Allogene Therapeutics, Inc. reported a net loss of $59.7 million for the first quarter of 2025, a decrease from the $65.0 million loss recorded in the same period of 2024. The company did not generate any collaboration revenue during the quarter, compared to $22,000 in the prior year. Total operating expenses for the quarter were $65.2 million, down 6% from $69.5 million in the previous year, primarily due to reduced research and development costs, which fell to $50.2 million from $52.3 million. General and administrative expenses also decreased to $15.0 million from $17.3 million.

As of March 31, 2025, Allogene had total assets of $508.0 million, a decline from $548.7 million at the end of 2024. The company's cash and cash equivalents decreased to $42.5 million from $75.2 million, while short-term investments increased to $237.6 million from $217.3 million.
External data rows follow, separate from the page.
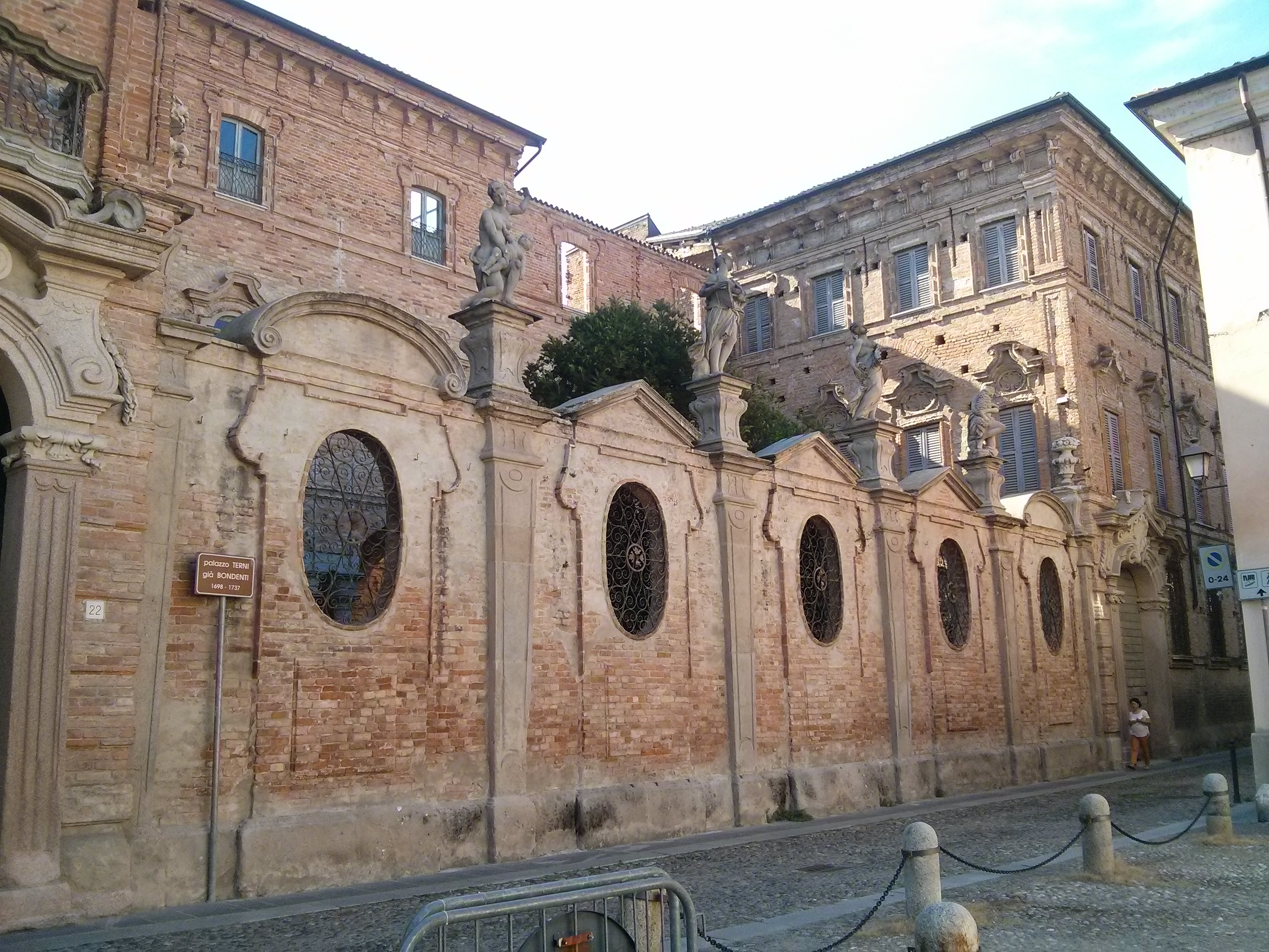 Crema scene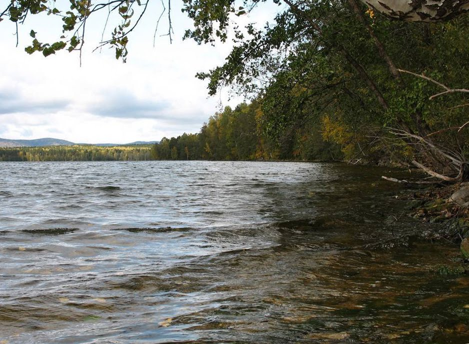 Озеро Большой Кисегач / Lake Bolshoy Kisegach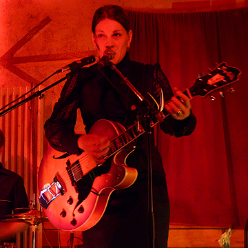 Nadja Zela, Singer, Guitarist and Songwriter from Switzerland @ Helsinki Klub, Zürich, 2012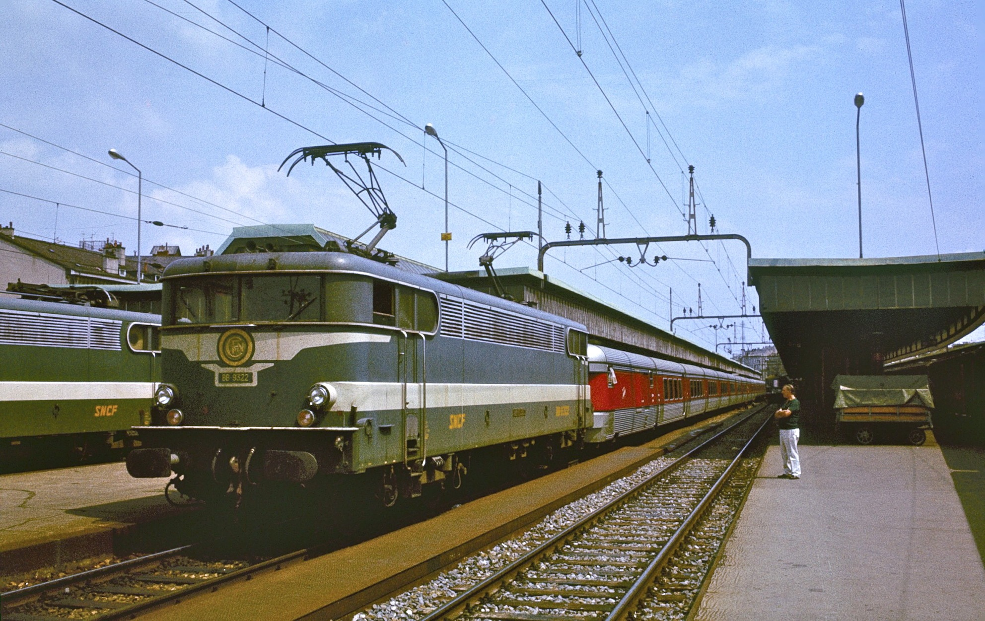 The Trans-Europ Express train Catalan Talgo about to depart Geneva's Gare de Cornavin for Barcelona. The train is headed by SNCF BB 9300-class locomotive number BB 9322, built in 1968.

The total stockholders' equity also saw a decline, dropping to $385.4 million from $422.2 million. The company had 218.6 million shares of common stock outstanding as of the reporting date.

In terms of strategic developments, Allogene has made significant changes to its workforce, implementing a 28% reduction in employee headcount to focus resources on clinical programs. This decision is expected to incur approximately $3.3 million in severance and related costs, with the majority of these charges anticipated to be realized in the second quarter of 2025. The company also continues to advance its clinical trials, including the pivotal Phase 2 ALPHA3 trial for its lead product candidate, cema-cel, which is designed for patients with large B-cell lymphoma.

Operationally, Allogene is navigating challenges related to patient enrollment in its clinical trials, particularly for the ALPHA3 trial, which requires patients to be screened for minimal residual disease (MRD). The company is also reliant on third-party vendors for critical components of its clinical trials, including the CLARITY MRD assay developed by Foresight Diagnostics. Any delays or issues with these vendors could adversely impact the timelines for Allogene's clinical development programs.

Looking ahead, Allogene anticipates continued operating losses as it invests in research and development to advance its product candidates. The company has indicated that its current cash reserves are expected to fund operations into the second half of 2027, but it recognizes the need for additional capital to support its ongoing clinical programs and operational needs. The company plans to raise funds through equity securities, debt financing, or other sources to implement its business strategy effectively.